W rolach głównych świeżo upieczona Mąż i Żona (w tej kolejności lepiej się rymuje) + piękna polska przyroda przed nowo powstałą salą weselną Szmaragdowy Dwór w okolicach Płocka. Byliście? Jeśli tak-dajcie znać w komentarzu poniżej jak Wam się podoba nowa miejscówka
Przy okazji. 2 kwestie
1. 2018 jest już coraz bardziej zapchany jeśli chodzi o śluby, wesela i sesje. Od ostatniego poniedziałku zauważyłem ogromniasty skok zapytań dotyczących terminów letnich i jesiennych.
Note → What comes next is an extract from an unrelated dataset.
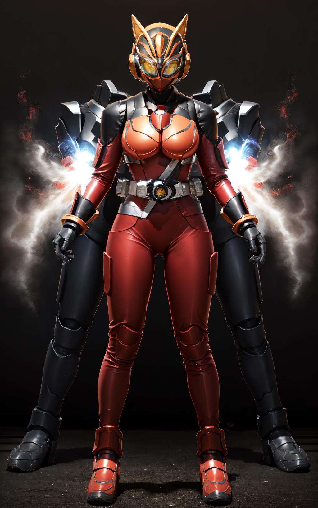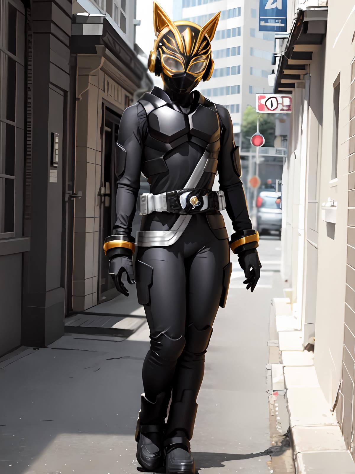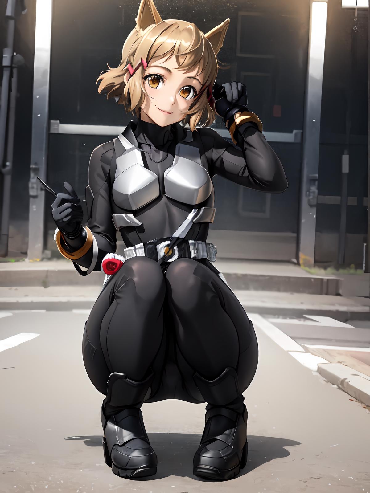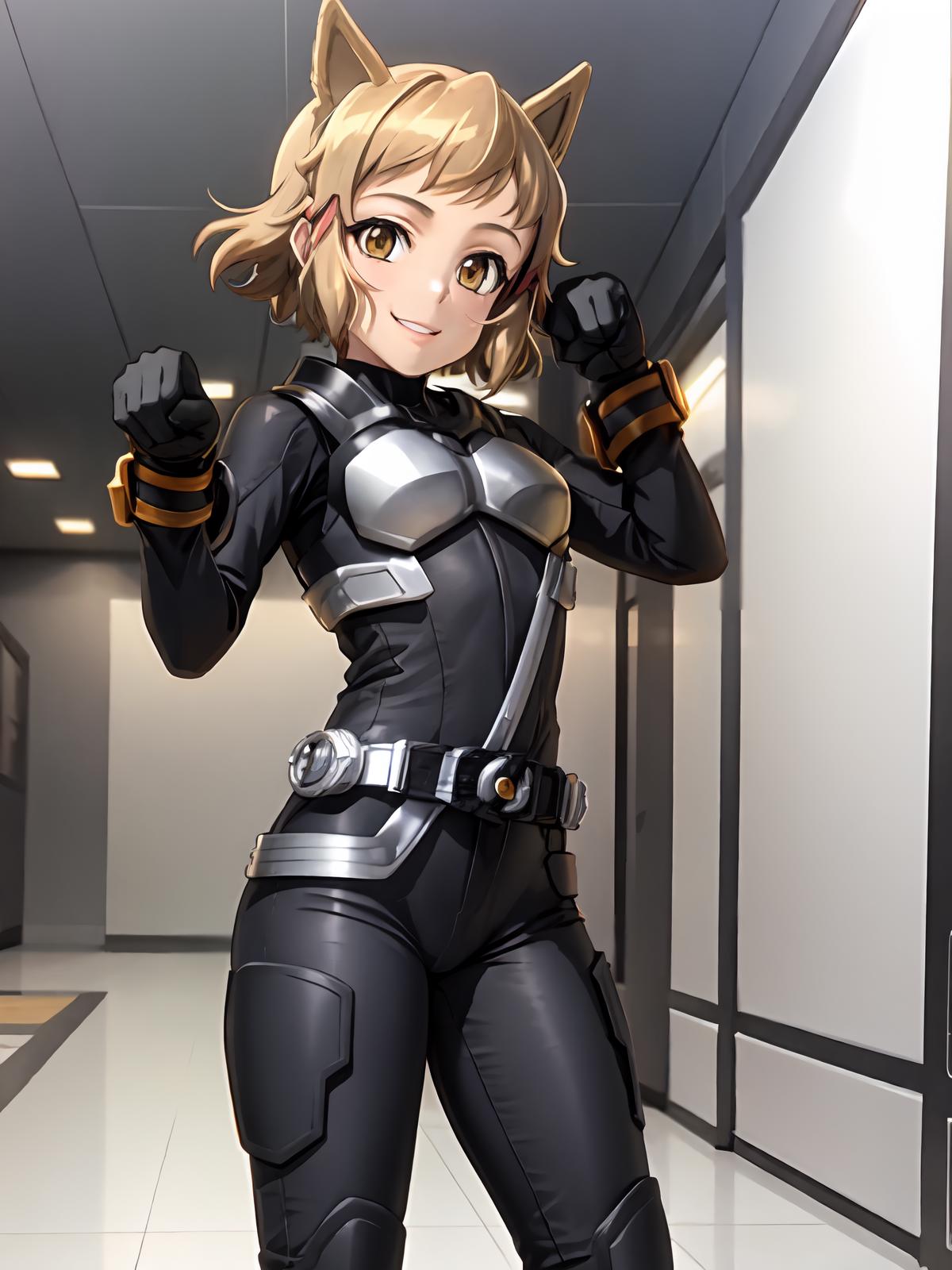 Prompts: gloves,rider belt, belt,bodysuit,helmet,cat ears, armor,mask,black gloves,handcuffs,black footwear,boots,fake animal ears,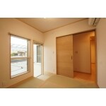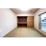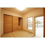 東側に大きな窓とガラス全面ドアがあるので明るく風通しの良い和室です。

Normalnie jak na trzy-czte-ry, dziennie 2-3 @ i telefony…i nie ukrywam, że cieszy mnie to bardzo Jeśli nie odbieram tel, na 99% fotografuję lub mam spotkanie z klientem (tudzież żoną), w miarę możliwości staram się oddzwaniać. Najpewniej piszcie: FB lub jeszcze lepiej za pomocą formularza kontaktowego.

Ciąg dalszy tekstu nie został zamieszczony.